### Task requirements
Print, word for word, the opening line of the data below and every line after it through the line that contains "میز تحریر دیزم", but not the pictures.
(Collected data)
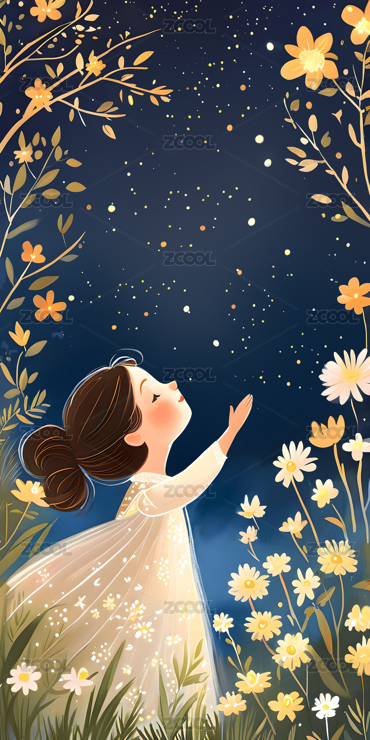 夜空下天使女孩伸手抓星空 梦幻星空背景
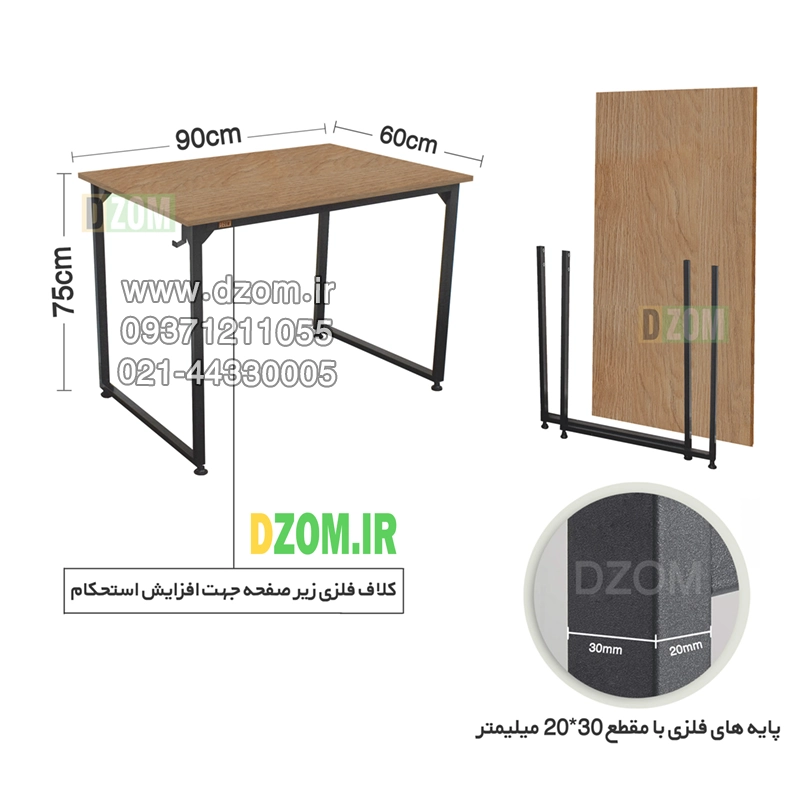 میز تحریر دیزم DZom مدل مونتاژی WD_asm_90×60_LIGHT محصولی مونتاژی، سبک، شیک و در عین حال جذاب و کارآمد از سری تولیدات دیزم میباشد. مشتری گرامی توجه نمایید برند دیزم (شماره ثبت 414013 اداره ثبت علائم تجاری) هیچگونه نمایندگی فروش در بازارهای فیزیکی و آنلاین نداشته و محصولات خود را با کیفیت و بسته بندی اصلی، مستقیما از طریق سایت Dzom.ir یا شبکه های اجتماعی خود به مصرف کننده (End User) عرضه می نماید. لطفا از خرید کالای تقلبی از سایر فروشندگان خودداری فرمایید. این محصول بصورت سلف اسمبل (مونتاژی) تولید شده است. این میز حمل و نقل آسان و هزینه حمل مقرون به صرفه ای دارد. این میز از پایه های فلزی با مقطع 30×20 میلیمتر و رنگ رویه الکترواستاتیک با ماندگاری و دوام بالا ساخته شده است. همچنین پایه های پیچی، قابلیت تنظیم نسبت به سطح زمین را دارد تا بهترین تراز جهت جلوگیری از تکان خوردن را ایجاد نماید. صفحه میز از جنس MDF درجه یک برجسته طرح چوب و به رنگ قهوه ای روشن می باشد. این محصول با طول 90cm، عرض 60cm و ارتفاع 75cm عرضه می شود. به این نکته توجه شود که تنوع رنگ انتخابی کالا تنها مربوط به رنگ پایه های فلزی میباشد.
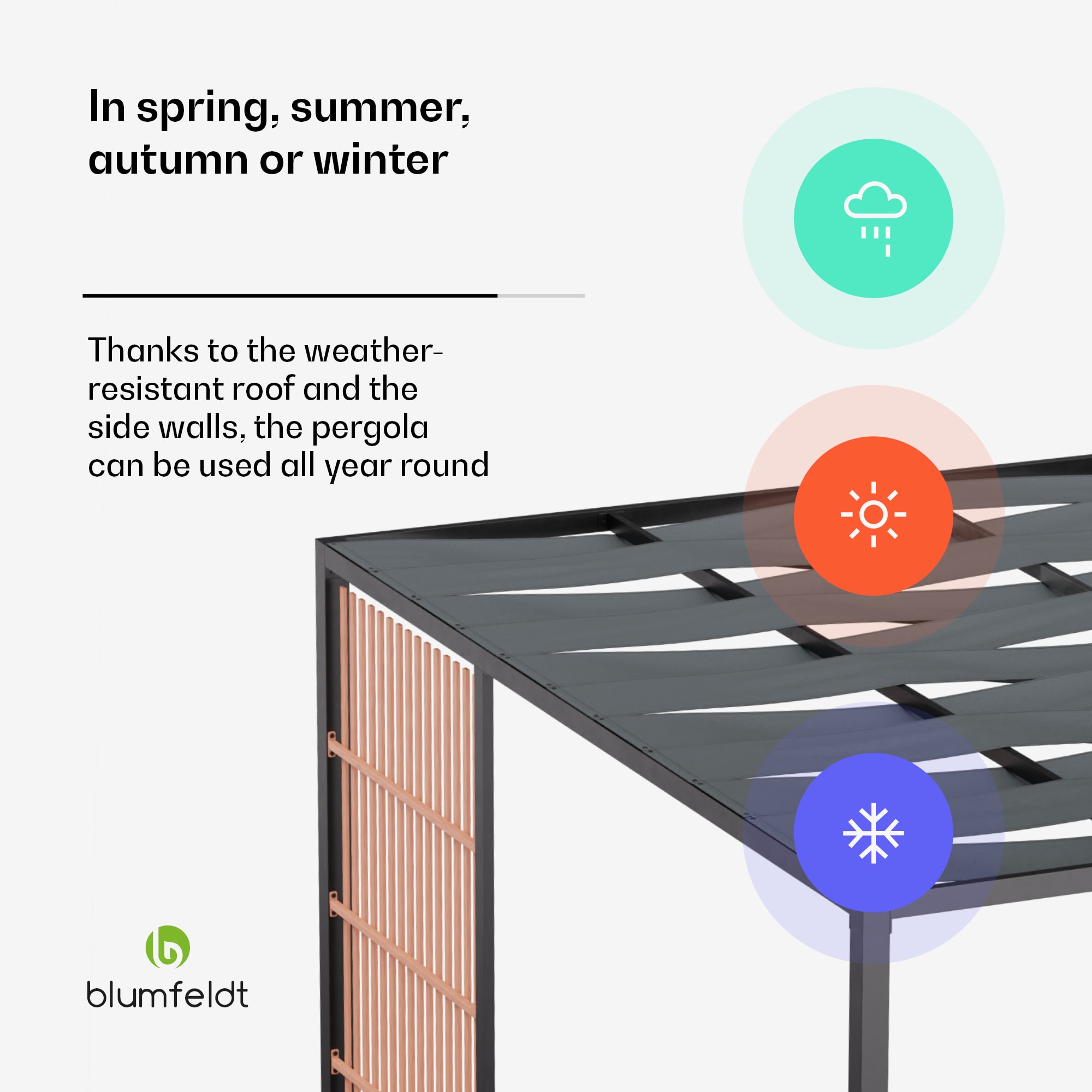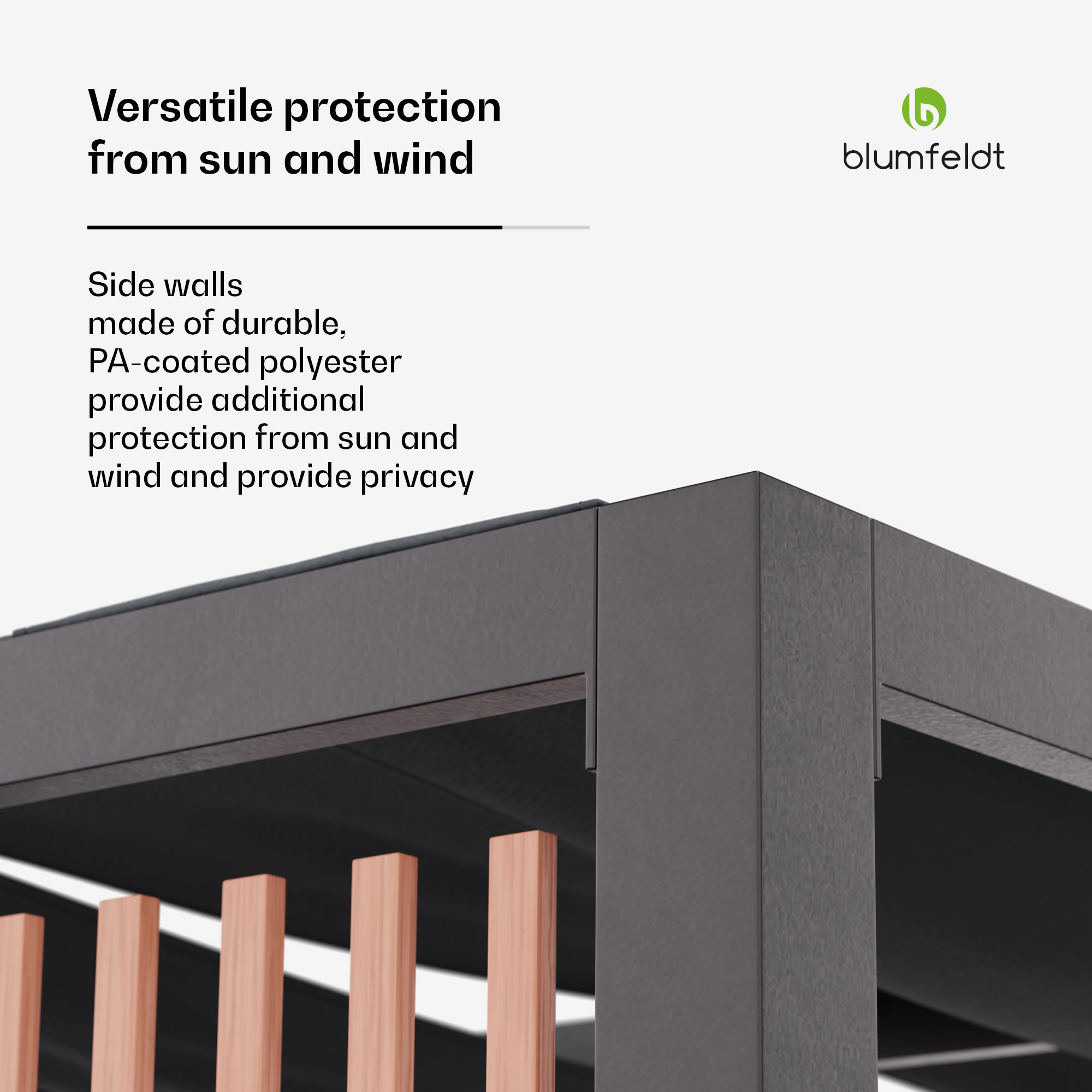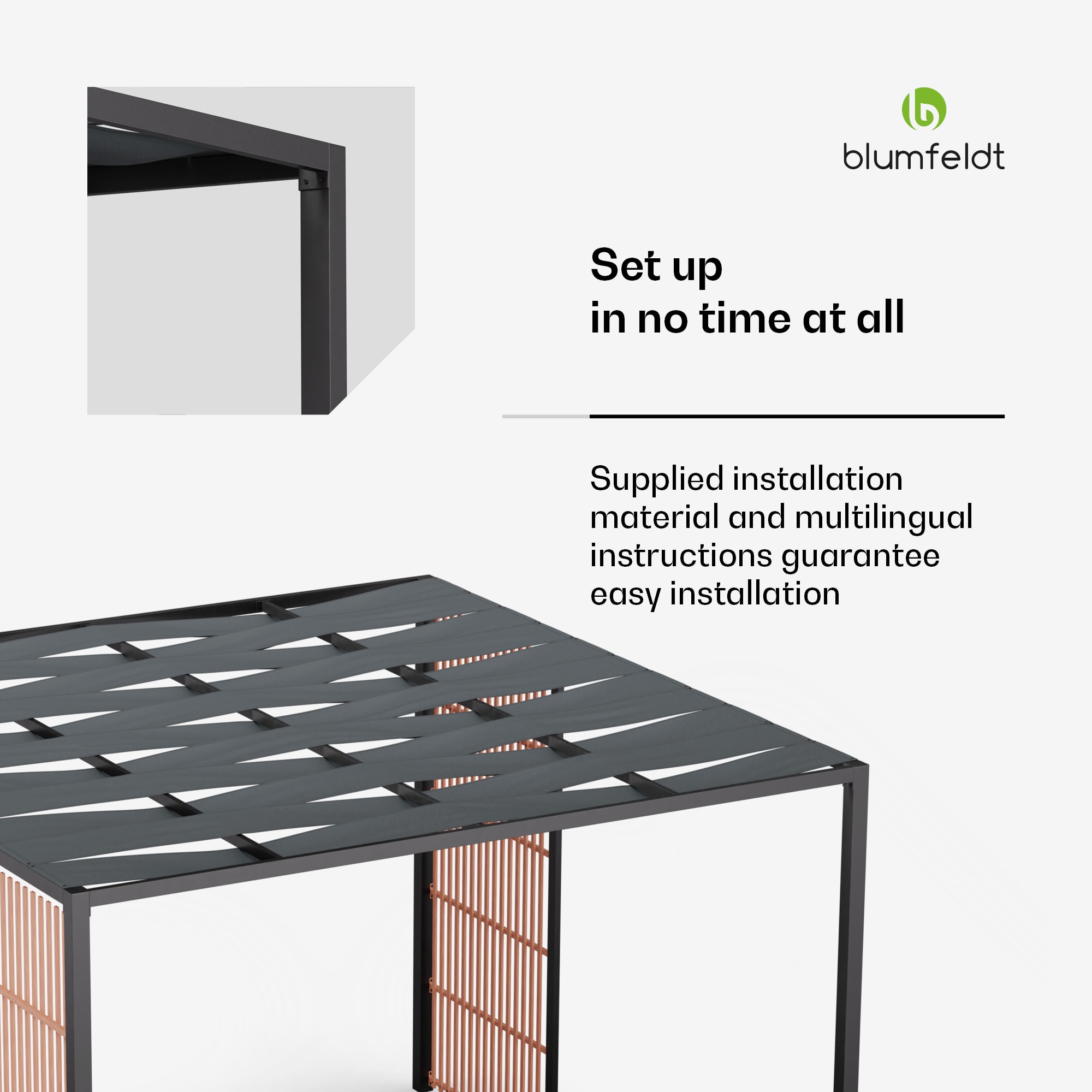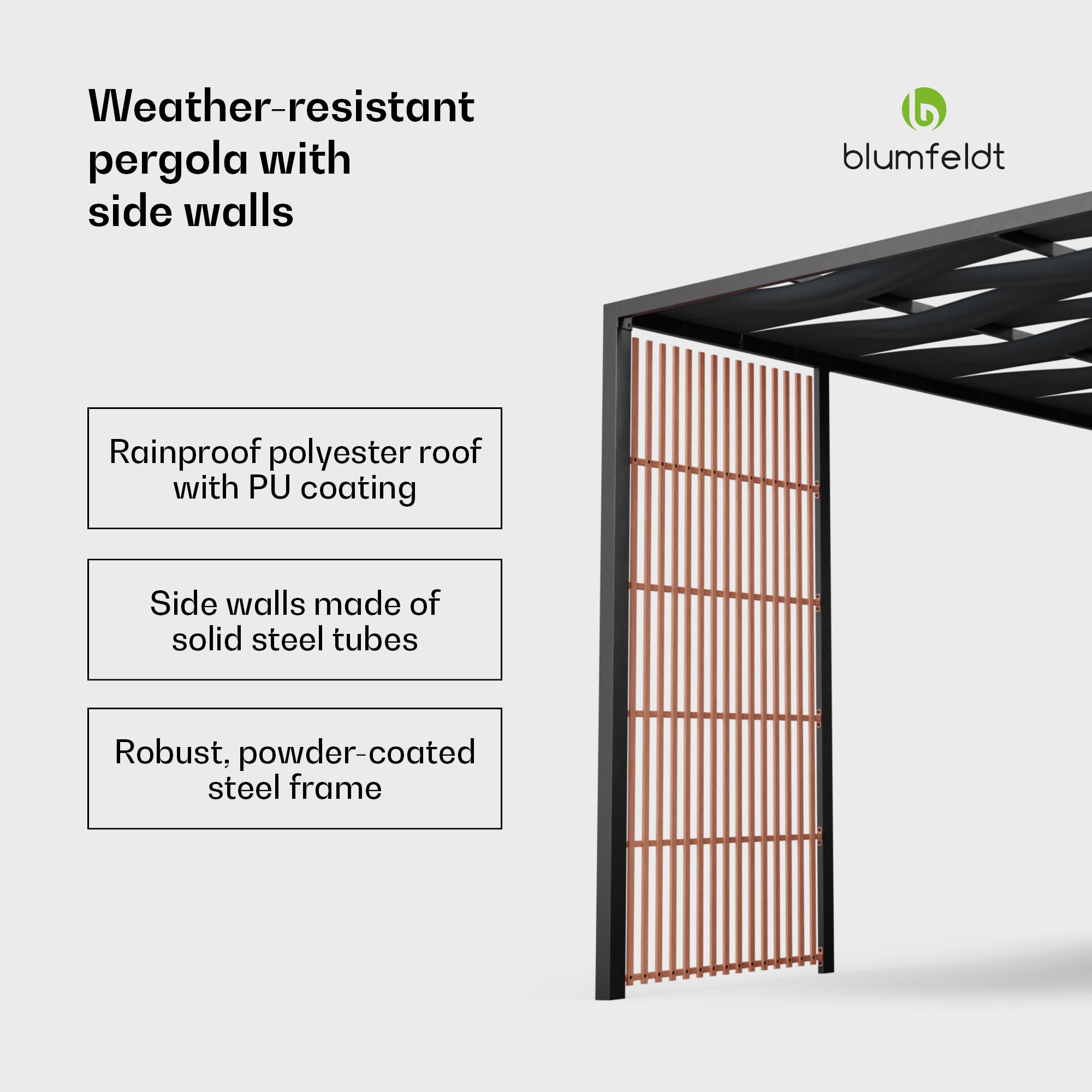 Pergola Blumfeldt Shade Cove Vert ponúka ideálny spôsob, ako rozšíriť váš vonkajší priestor a vytvoriť štýlové vonkajšie útočisko. Vďaka svojmu modernému dizajnu a vysokokvalitným materiálom je nielen funkčným slnečníkom, ale aj estetickou ozdobou vašej záhrady alebo terasy.Táto pergola má robustný rám z práškovo lakovanej ocele, ktorý zaručuje nielen vysokú stabilitu, ale aj dlhodobú radosť z vášho nového vonkajšieho priestoru. Strecha je vyrobená z odolného polyesteru so špeciálnou PA vrstvou, ktorá spoľahlivo chráni pred slnkom, dažďom a inými poveternostnými vplyvmi. Takže si môžete užívať pobyt vonku po celý rok bez obáv z nepriaznivého počasia.Osobitnou prednosťou pergoly Blumfeldt Shade Cove Vert je integrovaná zástena z oceľových rúrok, ktorá vám poskytne súkromie a bezpečnosť vo vašej vlastnej vonkajšej obývačke. Táto zástena na ochranu súkromia zároveň zdôrazňuje moderný dizajn pergoly a dodáva vonkajšiemu priestoru modernú estetiku.Montáž pergoly je mimoriadne jednoduchá a nekomplikovaná vďaka priloženému montážnemu návodu a montážnemu príslušenstvu. Za krátku chvíľu si môžete užívať svoje nové obľúbené vonkajšie miesto a zrelaxovať od každodenného stresu. Doprajte sebe a svojim blízkym štýlové a pohodlné útočisko vo vlastnej záhrade alebo na terase s pergolou Blumfeldt Shade Cove Vert a zažite čistý relax na čerstvom vzduchu.
(End Collected data)
### Exercise answer
 夜空下天使女孩伸手抓星空 梦幻星空背景
 میز تحریر دیزم DZom مدل مونتاژی WD_asm_90×60_LIGHT محصولی مونتاژی، سبک، شیک و در عین حال جذاب و کارآمد از سری تولیدات دیزم میباشد. مشتری گرامی توجه نمایید برند دیزم (شماره ثبت 414013 اداره ثبت علائم تجاری) هیچگونه نمایندگی فروش در بازارهای فیزیکی و آنلاین نداشته و محصولات خود را با کیفیت و بسته بندی اصلی، مستقیما از طریق سایت Dzom.ir یا شبکه های اجتماعی خود به مصرف کننده (End User) عرضه می نماید. لطفا از خرید کالای تقلبی از سایر فروشندگان خودداری فرمایید. این محصول بصورت سلف اسمبل (مونتاژی) تولید شده است. این میز حمل و نقل آسان و هزینه حمل مقرون به صرفه ای دارد. این میز از پایه های فلزی با مقطع 30×20 میلیمتر و رنگ رویه الکترواستاتیک با ماندگاری و دوام بالا ساخته شده است. همچنین پایه های پیچی، قابلیت تنظیم نسبت به سطح زمین را دارد تا بهترین تراز جهت جلوگیری از تکان خوردن را ایجاد نماید. صفحه میز از جنس MDF درجه یک برجسته طرح چوب و به رنگ قهوه ای روشن می باشد. این محصول با طول 90cm، عرض 60cm و ارتفاع 75cm عرضه می شود. به این نکته توجه شود که تنوع رنگ انتخابی کالا تنها مربوط به رنگ پایه های فلزی میباشد.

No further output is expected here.